# Saw Till Project



## schnewj (Nov 18, 2013)

Thought I would share this project with the forum.

I'm working out of a garage and hence have very little space. I got tired of my hand saws being stacked up and getting banged around. So, I decided to build a saw till to store my saws.

So, I gathered up some scrap pieces lying around and built the till. the sides are 3/4" oak plywood, the rails, stiles and drawers are made out of poplar and the panels are 1/4" underlay plywood that had some decent grain.

The till will hold 12 full sized hand saws and 11 smaller panel type saws. there is a place to hang my saw vice and three drawers to hold miscellaneous small items like files, jointer, and saw sets.

I used Varathane water based light oak stain and poly just to try it out. I have mixed feelings about it and don't know that I would use it again.

My next project might be a twin to the till to hold my hand planes. I left room next to the till to hang the plane cabinet. I already have the sides cut out and ready to go. I just have to find the time to build it.

I apologize for the glare on the last picture but it is mounted right next to a window and I couldn't eliminate the glare.
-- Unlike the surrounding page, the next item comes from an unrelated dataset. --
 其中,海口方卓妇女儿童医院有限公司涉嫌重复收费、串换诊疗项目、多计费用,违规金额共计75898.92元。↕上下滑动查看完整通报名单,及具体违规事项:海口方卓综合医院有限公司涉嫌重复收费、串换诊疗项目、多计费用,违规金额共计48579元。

Most of the saws in the till are some of the ones that I have refurbished, or are future refurbish projects.

Enjoy,

Bll


----------



## old55 (Aug 11, 2013)

Very nice job Bill, congratulations.


----------



## TwoSkies57 (Feb 23, 2009)

Great job on the till, Bill!! 

I saw the pics for this and said Dangggggggg....there's my handplane til *L* I started a build for my planes almost 2 years ago I think, and things keep coming up and I've still not finished it. Almost identical to yours with the exception of the nicely curved sides. Very nice touch....I may just "borrow" the idea. 

I don't know which sharpening method you use, I'm a scary sharp kinda guy. My planes are to build in a plate glass sharpening board under the drawers. 
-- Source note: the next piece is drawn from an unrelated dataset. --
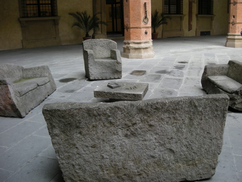 Qualche giro ancora ma poi la stanchezza si fa sentire e camminare al sole diventa man mano più faticoso… Sosta nel dehor di un bel bar a Piazza Maggiore, nei tavolini sotto i portici perché il sole entra ma c’è meno vento… ma ops…hai visto che nuvola nera? E subito inizia a piovere… anche questa volta il mio ombrellino, pesantissimo, è rimasto chiuso in fondo allo zaino…e noi che guardavamo la pioggia tranquillamente sedute all’asciutto 😀 Ma poco dopo di nuovo il sole che ci scalda davanti ai nostri ennesimi tea al limone e caffè… Perché si, stanche come ormai eravamo, abbiamo deciso di trascorrere una giornata diversa…E cercare di battere un record, quello di ore sedute in posti diversi… Dopo ore in treno Luna ed io in macchina, la sosta al ristorante, e due soste nel dehor chissà se avremmo trovato la forza di trovare altri posti per sederci ? 😀 Peccato non aver approfittato a provare quel bel salottino in pietra nel cortile del comune, ma era, sembra, un opera d’arte 🙂 …

anyways,,, great build.. thanks for posting

Bill


----------



## Semipro (Mar 22, 2013)

Nicely done Bill, if you can just remember to put them back now when you're done with them.


----------



## jw2170 (Jan 24, 2008)

Fine effort, Bill.

Even I go to a hand tool from time to time and it makes the result even better.


----------



## Fraise (May 19, 2012)

That's terrific. Mine hang on toggles on the back of a door. Now every time I go past I'll feel guilty.


----------



## billyjim (Feb 11, 2012)

Very nice Bill. And you call these "scraps"?


----------



## DesertRatTom (Jul 3, 2012)

That is a really nice looking project. Good use of scrap, doesn't look like it was made of leftovers at all.


----------



## jamessyl (Jan 26, 2014)

Very nice job on the saw till. Good for you!

Jim


----------



## beemor (Feb 29, 2012)

Beautiful work Bill. Mine hang from ceiling joists on hooks - not for long!


----------



## thomas1389 (Jan 4, 2012)

Very nice job!!


----------



## whimsofchaz (Jun 6, 2013)

Nice job Bill. Gives me something to think about when I want to combine my saws and hand planes - Thanks for showing it


----------



## schnewj (Nov 18, 2013)

Thanks to all for the positive replies.

Your comments just make me want to start on the hand plane cabinet that will be a twin to the till.

I have the sides cut out already, but I am still working on the final layout design. Hopefully, in the next few weeks I will find the time to do the project.

Bill


----------



## bosox (Jun 12, 2012)

That's a nice build! The design is excellent. Well done.


----------